The Atlantic Forest was one of the largest rainforests of the Americas, originally covering around 150 million ha (Fig. 1), in highly heterogeneous environmental conditions. Its latitudinal range is around 29°, extending into tropical and subtropical regions. The wide longitudinal range is also important in producing differences in forest composition, because of the decreased rainfall away from the coasts. Coastal areas receive large amounts of rain year-round, reaching more than 4000 mm, while inland forests receive around 1000 mm/year (Câmara, 2003). These geographical characteristics, combined with the large altitudinal range, have favored high diversity and endemism, including more than 20,000 species of plants, 261 species of mammals, 688 species of birds, 200 species of reptiles, 280 species of amphibians, and many more species that still require scientific description (Goerck, 1997, Mittermeier et al., 1999, da Silva and Casteleti, 2003). The Atlantic Forest flora and fauna may include 1–8% of the world’s total species (Silva and Casteleti, 2003).
Most of the remaining Atlantic Forest exists in small fragments (<100 ha; Ranta et al., 1998) that are isolated from each other and are composed by second-growth forests in early to medium stages of succession (Viana et al., 1997, Metzger, 2000, Metzger et al., 2009). The few large fragments survived in locations where the steep terrain made human occupation particularly difficult (Silva et al., 2007). This present-day fragmentation has led to a large proportion of the forest’s vast biodiversity being threatened to extinction; for example more than 70% of the 199 endemic bird species are threatened or endangered (Parker et al., 1996, Stotz et al., 1996, Goerck, 1997).

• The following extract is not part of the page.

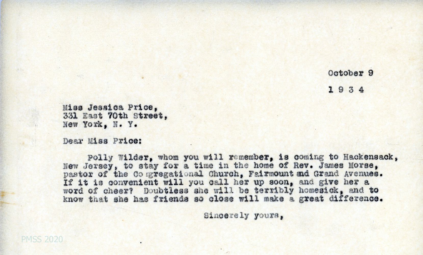 [020] October 9, 1934. To Price from [unsigned], who asks her to visit Polly Wilder who is coming to Hackensack, NJ, to stay at the home of Rev. James Morse, pastor of the Congregational Church. “Doubtless she will be terribly homesick, and to know that she has friends so close will make a great difference.”
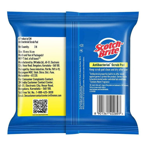 Unique scrub pad fortified with anti-bacterial property that prevents bacteria from growing on the pad

In these heterogeneous and highly diverse forests, which still hold many still-unknown species (Lewinsohn and Prado, 2005), biodiversity inventories are complex, expensive and time-consuming (Gardner et al., 2008; but see Uehara-Prado et al., 2009). Despite the large amount of biological data generated in the Atlantic Forest region in recent decades (da Silva et al., 2004, da Silva and Casteleti, 2003), the lack of standardized inventory protocols and sampling efforts with poor spatial distribution have resulted in significant geographical data gaps, making it particularly difficult to use this information for conservation planning by the usual methods (see Margules and Pressey, 2000, Groves et al., 2002). At local scales, enough biological data is available for some areas to support conservation plans, but great difficulties arise in planning conservation actions for large regions. Moreover, most of the data are insufficient to properly support conservation planning, and thus, abiotic surrogates such as landscape structure parameters are in most cases the only alternative (Metzger et al., 2008). In this context, the amount of habitat and fragmentation, which are key factors for biodiversity conservation (Wilcox and Murphy, 1985, Fahrig, 2003), are important variables to be considered in landscape planning and management for biodiversity conservation.

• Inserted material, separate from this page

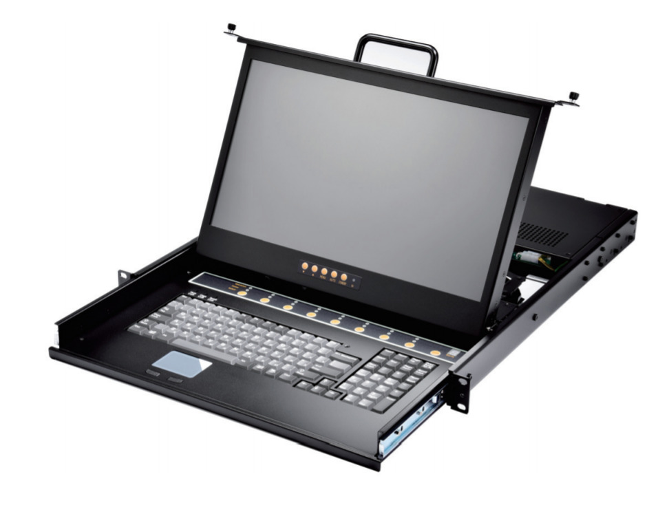 Промышленная KVM-консоль AMK508-17WCBRUD4 — это устройство эксплуатируемое в промышленных условиях с целью дистанционного управления компьютером отвечающим за какие-либо технологические процессы. Аббревиатура KVM (keyboard, video, mouse) означает что в составе прибора объединены как минимум три периферийных устройства: дисплей, клавиатуру и манипулятор, тачпад или подобный им. Поддерживает подключение до восьми (8) компьютеров.
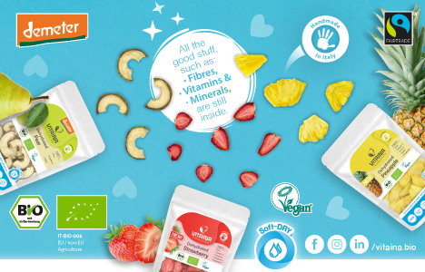 "Consumers nowadays are very careful: they prefer healthy food and are constantly looking for superfoods, boasting excellent nutritional properties. I have therefore started to think about a product that satisfied this need and came up with healthy, genuine, dehydrated fruit made using high-quality raw material," explains Maximilian Feulner, founder and general manager of Vitaina Italia Srl, a startup specializing in the production and processing of organic and biodynamic fresh fruit.

Despite the potential of using landscape structure parameters in conservation planning, information on landscape structure in the Atlantic Forest is only available for small regions (<300,000 ha, Jorge and Garcia, 1997, Viana et al., 1997, Ranta et al., 1998). The only data available for the entire Atlantic Forest region is the percentage of the remaining forest, but even in this case there are huge discrepancies among the different methods employed (e.g., 7–8% of the forest remains according to SOS Mata Atlântica/INPE, 1993, 2000 and Galindo-Leal and Câmara, 2003; 10.6% according to SOS Mata Atlântica/INPE, 2008; and 27% according to IESB et al., 2007, Cruz and Vicens, in press).

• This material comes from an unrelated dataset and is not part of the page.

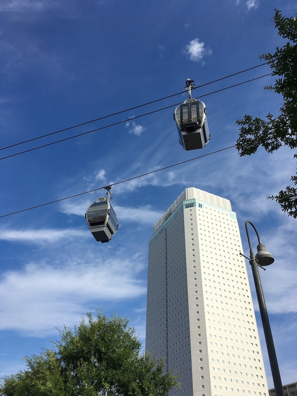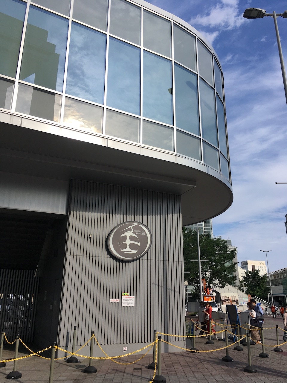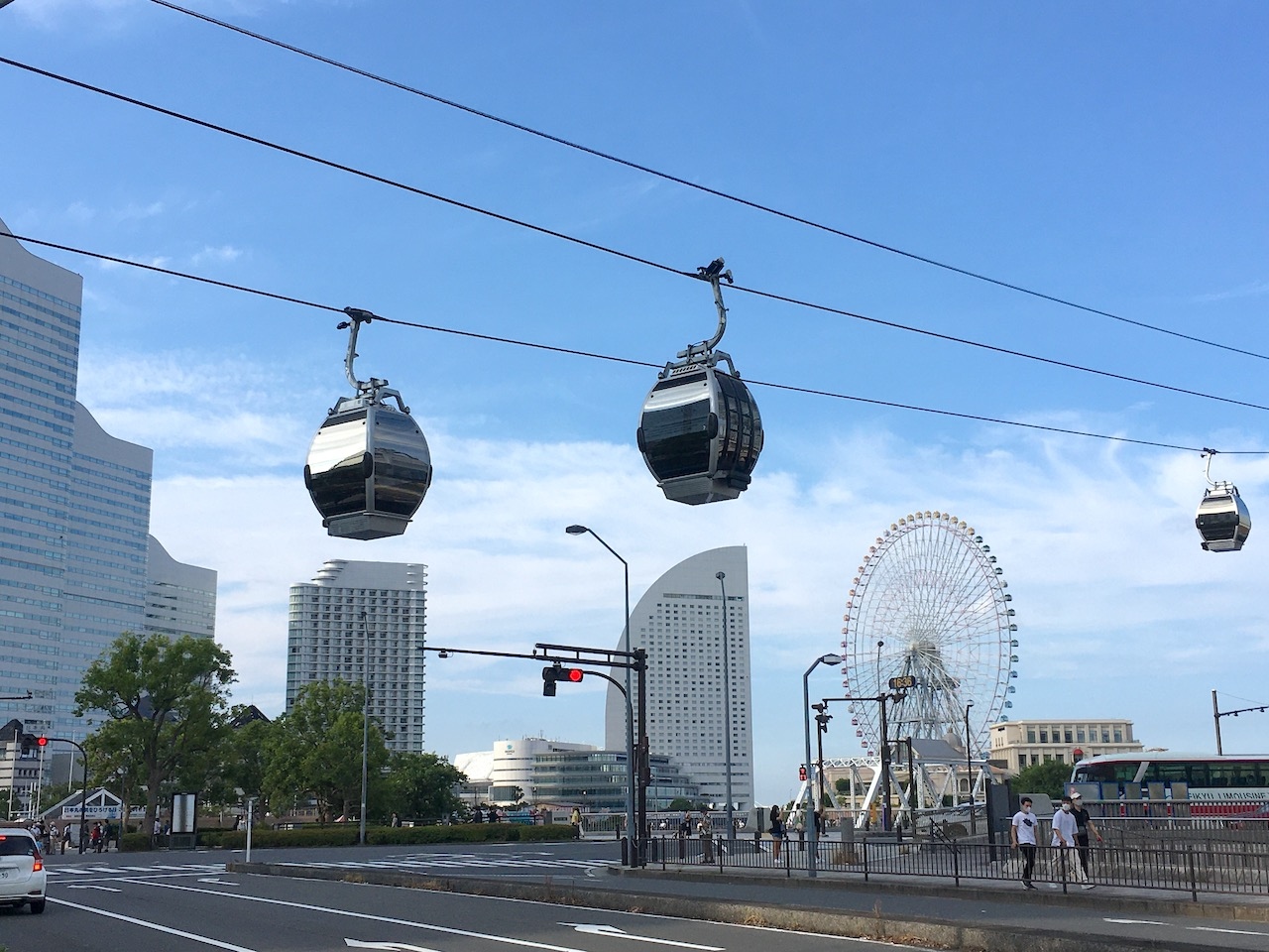 球形をした銀と黒のゴンドラが、桜木町駅前から運河パークまでの上空を行き来していました。

We analyzed for the first time the spatial distribution of all the remaining Brazilian Atlantic Forest, in order to provide precise information about how much forest is left and how this forest is spatially arranged. We calculated parameters such as fragment size, amount of edge area, isolation, structural connectivity, and distance to conservation reserves of all existing fragments of the Brazilian Atlantic Forest region (ca. 245,000 fragments). These spatial analyses were performed on a multi-scale approach (Urban, 2005), in order to facilitate the biological interpretation of the landscape indices (within a perspective of ecologically scaled landscape indices; following Vos et al., 2001). This approach ensures a variety of biological behaviors, considering for example a wide range of sensitivity to gap-crossing abilities and to edge distance influences. Additionally, to refine our understanding about the Atlantic Forest spatial structure, considering its different regional contexts, we performed the same analyses dividing the region by biogeographical sub-regions (BSRs). The implications of the observed spatial patterns are discussed with regard to future conservation and restoration priorities for the entire Atlantic Forest in Brazil.
Section snippets
Study region and biogeographical sub-regions (BSRs)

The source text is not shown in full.